Streaming involves sending data in small, continuous chunks rather than in one large block. In the context of AI applications, like chatbots or recommendation systems, streaming means sending partial responses to users as soon as they're available, instead of waiting to compile and deliver the entire response at once. This approach ensures that users receive immediate feedback or information, creating a more dynamic and responsive user experience.
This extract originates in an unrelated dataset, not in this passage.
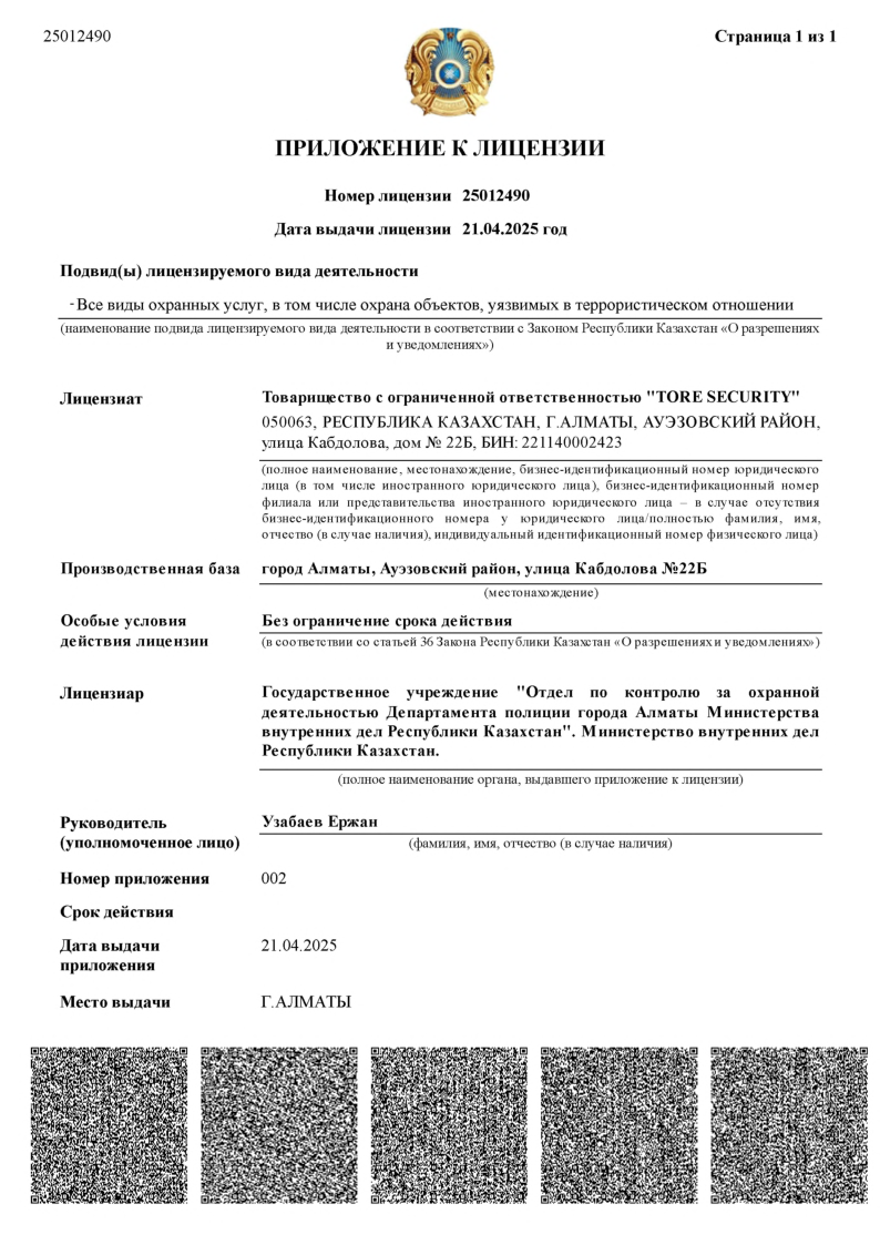Работаем легально и прозрачно. Ниже — ключевые документы, подтверждающие квалификацию и право предоставлять охранные услуги. Заверенные копии доступы по запросу.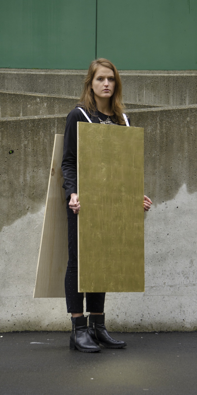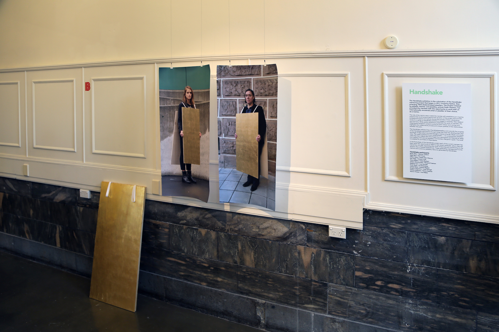 Display, Digital photographs, Sandwich board (plywood, 23ct gold leaf).

In this guide, you will learn how to leverage Server-Sent Events (SSE) to implement streaming in Next.js endpoints with LangChain and OpenAI's language models. Further, you will learn how to cache the streaming responses with Upstash.

## Prerequisites

You will need the following:

- [Node.js 18](https://nodejs.org/en/blog/announcements/v18-release-announce/) or later
- An [OpenAI](https://platform.openai.com/api-keys) account
- An [Upstash](https://upstash.com/) account
- A [Vercel](https://vercel.com/) account

## Tech Stack

| Technology | Description |
| --- | --- |
| [Upstash](https://upstash.com) | Serverless database platform. You are going to use Upstash Redis to cache OpenAI API responses. |
| [OpenAI](https://platform.openai.com) | An artificial intelligence research lab focused on developing advanced AI technologies. |
| [LangChain](https://js.langchain.com) | Framework for developing applications powered by language models. |
| [Next.js](https://nextjs.org) | The React Framework for the Web. |
| [Vercel](https://vercel.com) | A cloud platform for deploying and scaling web applications. |

## Generate an OpenAI Token

Using OpenAI API, you are able to create chatbot responses using AI. Any request to OpenAI API requires an authorization token. To obtain the token, navigate to the [API Keys](https://platform.openai.com/api-keys) in your OpenAI account, and click the **Create new secret key** button. Copy and securely store this token for later use as **OPENAI_API_KEY** environment variable.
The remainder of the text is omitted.